NOW THEREFORE, in consideration of the premises, covenants and representations set forth herein, and for other good and valuable consideration payable in accordance with, and subject to the terms of the Purchase Agreement, the receipt and sufficiency of which is hereby acknowledged, the parties hereto hereby agree as follows:

 

ARTICLE I

 

COVENANTS OF SHAREHOLDER

 

1.1Holdback.

 

(a)          Holdback Amount. Notwithstanding anything set forth in the Purchase Agreement to the contrary, Shareholder hereby agrees and acknowledges that, in accordance with Section 2.3 of the Purchase Agreement Purchaser shall withhold from Shareholder his respective Retained Seller Holdback Amount (the “Holdback Amount”). The Holdback Amount shall be retained by Purchaser in accordance with this Agreement and the Purchase Agreement.

 

(b)Treatment of the Holdback Amount.

 

(i)         The Holdback Amount shall be paid by Purchaser, or Purchaser shall cause to be paid, to the Paying Agent by wire transfer of immediately available funds to an account designated in the Paying Agent Agreement, as follows: (i) an amount equal to fifty percent (50%) of the Holdback Amount (being as of the Agreement date US$814,509.50, subject to adjustment, if any, pursuant to the Purchase Agreement) on the second (2ndt) anniversary of the Closing Date; and (ii) an amount equal to the remaining fifty percent (50%) of the Holdback Amount (being as of the Agreement date US$814,509.50, subject to adjustment, if any, pursuant to the Purchase Agreement) on the third (3rd) anniversary of the Closing Date (each such date in clauses (i) and (ii) to be referred to as the “Release Date”).

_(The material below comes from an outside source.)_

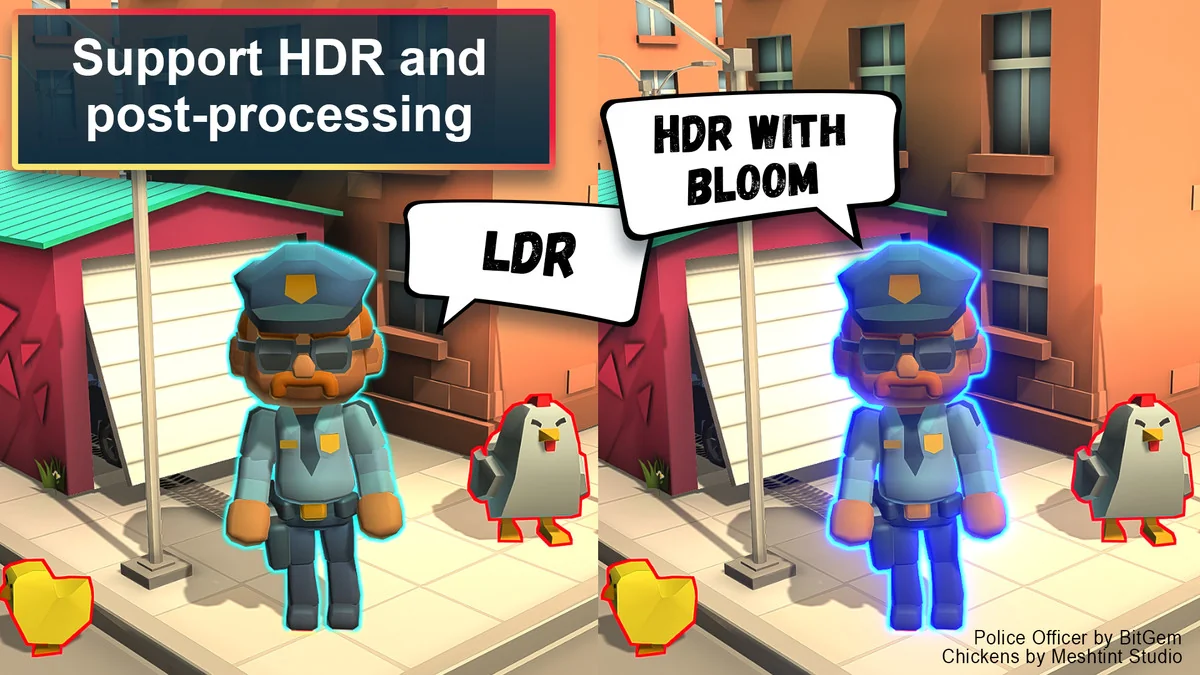 Support for both HDR and LDR is included, so the effect can sit inside projects using either rendering range. Render Graph is fully supported as well, which matters for teams working with that Unity feature in their rendering pipeline. The overall emphasis is on keeping the effect compatible with modern Unity rendering setups while maintaining high performance.

Other than as explicitly set forth herein, in the Purchase Agreement or any other Transaction Document to which the Shareholder is a party, there shall be no requirements to receiving the Holdback Amount on the dates set forth above (and for the avoidance of any doubt, is NOT contingent upon continuation of employment or provision of services).

 

 

 

 

(c)          Withholding. In accordance with the Purchase Agreement and the Paying Agent Agreement, there shall be no withholding of any Taxes on the payment by the Purchaser to the Paying Agent of the Holdback Amount.

 

(d)          Interest. No interest shall be paid with respect to the Holdback Amount.

 

ARTICLE II

 

ESCROW

 

2.1          Notwithstanding anything to the herein, Shareholder’s respective portion of the Heldback Escrow shall be treated and released also in accordance with the Escrow Agreement as if such amount was part of the Escrow Fund, for as long as the Escrow Fund has not been fully released by the Escrow Agent. Upon such time as the Escrow Fund, in whole or in part, is released from escrow, the Heldback Escrow (or applicable portion thereof) shall not be subject to the Escrow Agreement and only to the provisions set forth herein, in the Purchase Agreement or in any other Transaction Document to which the Shareholder is a party.

 

ARTICLE III

 

MISCELLANEOUS

 

3.1          Specific Performance. The parties hereto agree that irreparable damage would occur in the event that any of the provisions of this Agreement were not performed in accordance with their specific terms or were otherwise breached. It is accordingly agreed that the parties hereto shall be entitled to seek an injunction or injunctions and specific performance to prevent breaches of this Agreement and to enforce specifically the terms and provisions of this Agreement in any court of competent jurisdiction, without bond or other security being required, this being in addition to any other remedy to which they are entitled at Law.

 

3.2          Governing Law and Venue. This Agreement shall be governed by, and construed in accordance with, the Laws of the State of Israel, without giving effect to principles of conflicts of laws thereof. The courts located in Tel Aviv, Israel, shall have exclusive jurisdiction over any dispute between the Parties in relation thereto.

 

3.3          Entire Agreement; Amendments and Waivers. Except for the Purchase Agreement and the other Transaction Documents, this Agreement represents the entire understanding and agreement between the parties hereto with respect to the subject matter hereof and can be amended, supplemented or changed, and any provision hereof can be waived, only by written instrument making specific reference to this Agreement, signed by the party against whom enforcement of any such amendment, supplement, modification or waiver is sought. No action taken pursuant to this Agreement, including any investigation by or on behalf of any party, shall be deemed to constitute a waiver by the party taking such action of compliance with any representation, warranty, covenant or agreement contained herein. The waiver by any party hereto of a breach of any provision of this Agreement shall not operate or be construed as a further or continuing waiver of such breach or as a waiver of any other or subsequent breach. No failure on the part of any party to exercise, and no delay in exercising, any right, power or remedy hereunder shall operate as a waiver thereof, nor shall any single or partial exercise of such right, power or remedy by such party preclude any other or further exercise thereof or the exercise of any other right, power or remedy.

 

 

 

 

3.4          No Third Party Beneficiaries. This Agreement is not intended to, and shall not, confer upon any other Person any rights or remedies hereunder.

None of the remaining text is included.